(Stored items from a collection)
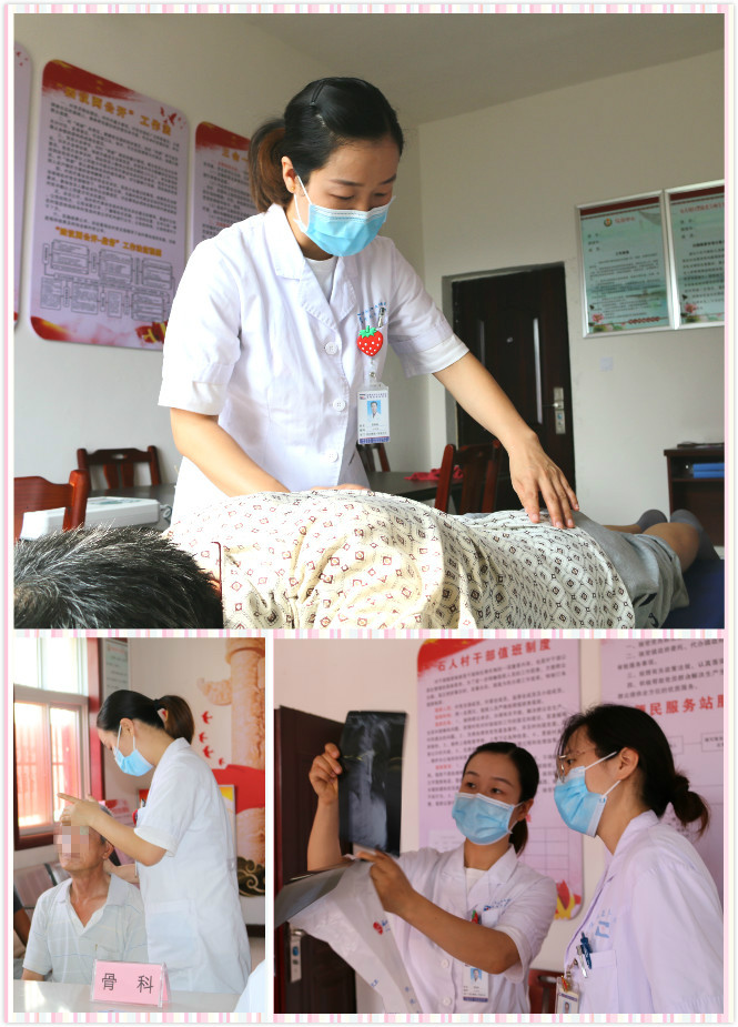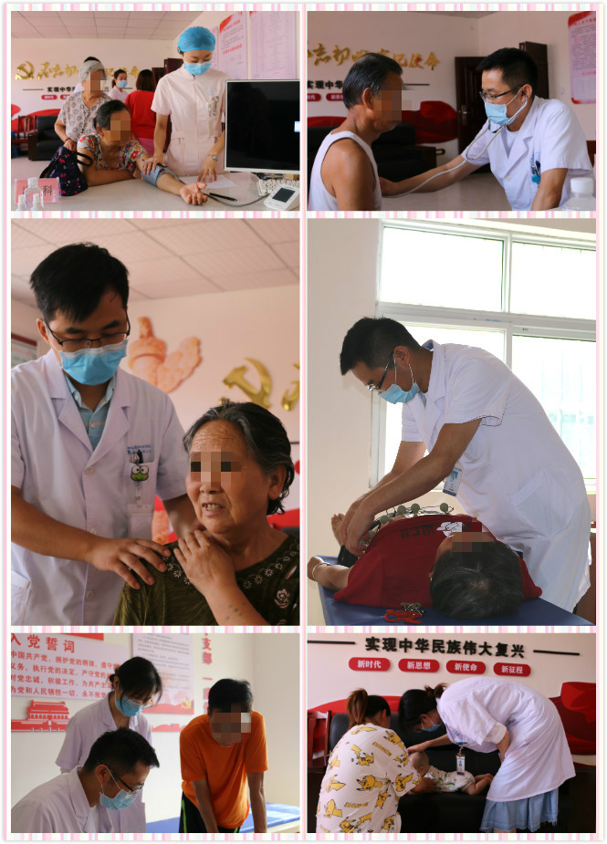 李亚楠医生细心地为乡亲们查体,并贴膏药为他们缓解疼痛。郝权医生为乡亲们进行心电图测量和听诊,根据病情的轻重缓急给出相应的医疗建议。薛原医生为孩子们进行身体检查,护士宗艳瑞为大家测量血压。
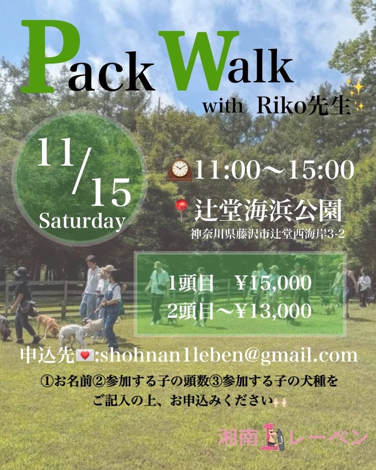 今週末イベントです。リコ先生は代表いわく、日本で1番人気があるドッグトレーナー。なかなか機会が得られないパックウォークです。
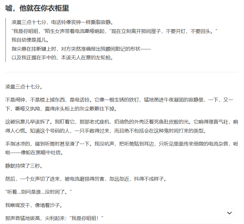 那道女声真的把氛围渲染得很好,出来的语气像真有人在警告男主。它能把僵硬的叙述变成彼此过招,看着让人感到紧张刺激,尤其适合短篇、桥段补戏。
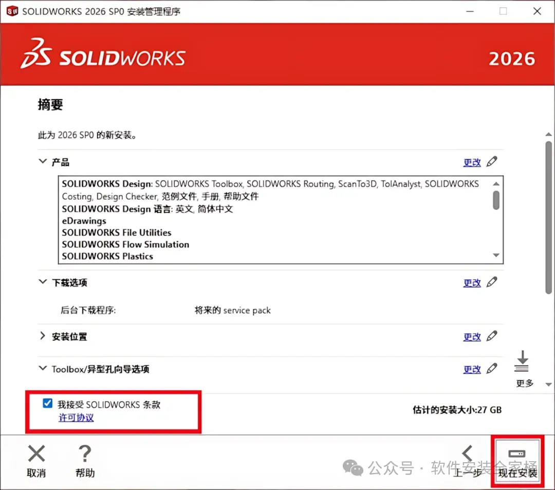 17、点击选择【我接受SOLIDWORKS条款许可协议】,然后选择点击【现在安装】。
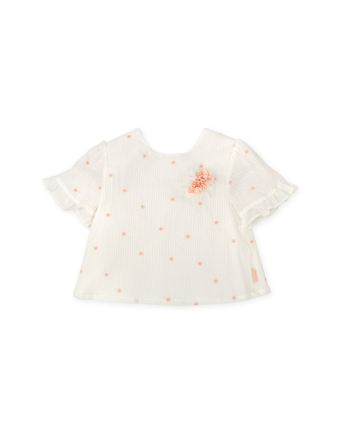 Blusa de manga corta de muselina a rayas y flores, mangas con volantes y elástico en la parte trasera. Decoración de flores en el delantero.
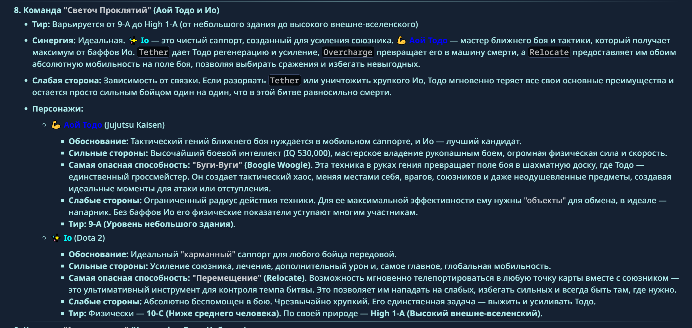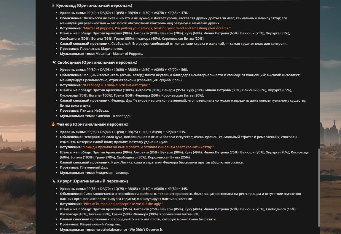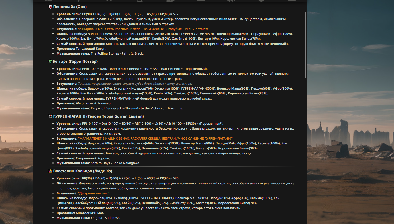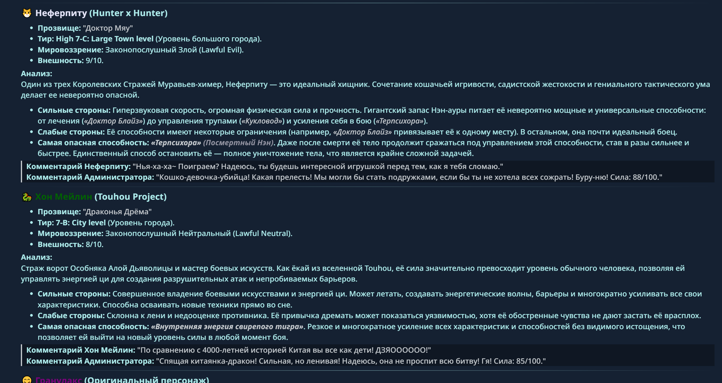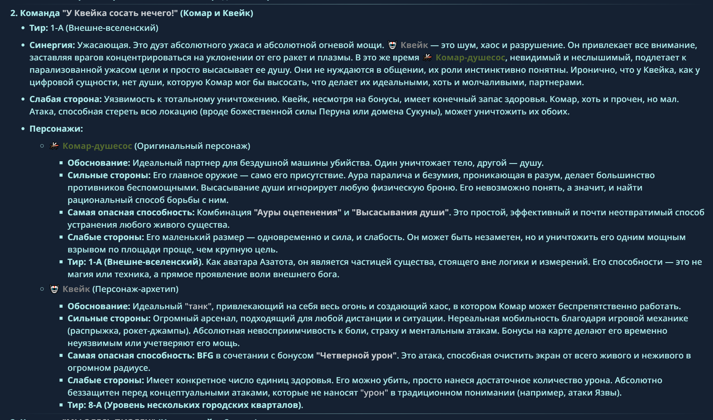 » Если вы заметили, что в список попал слишком имбовый персонаж то не бойтесь об этом написать.

| WHAT YOU SHOULD DO |
Without any of the pictures, repeat the entries above word for word.

| YOUR SOLUTION |
 李亚楠医生细心地为乡亲们查体,并贴膏药为他们缓解疼痛。郝权医生为乡亲们进行心电图测量和听诊,根据病情的轻重缓急给出相应的医疗建议。薛原医生为孩子们进行身体检查,护士宗艳瑞为大家测量血压。
 今週末イベントです。リコ先生は代表いわく、日本で1番人気があるドッグトレーナー。なかなか機会が得られないパックウォークです。
 那道女声真的把氛围渲染得很好,出来的语气像真有人在警告男主。它能把僵硬的叙述变成彼此过招,看着让人感到紧张刺激,尤其适合短篇、桥段补戏。
 17、点击选择【我接受SOLIDWORKS条款许可协议】,然后选择点击【现在安装】。
 Blusa de manga corta de muselina a rayas y flores, mangas con volantes y elástico en la parte trasera. Decoración de flores en el delantero.
 » Если вы заметили, что в список попал слишком имбовый персонаж то не бойтесь об этом написать.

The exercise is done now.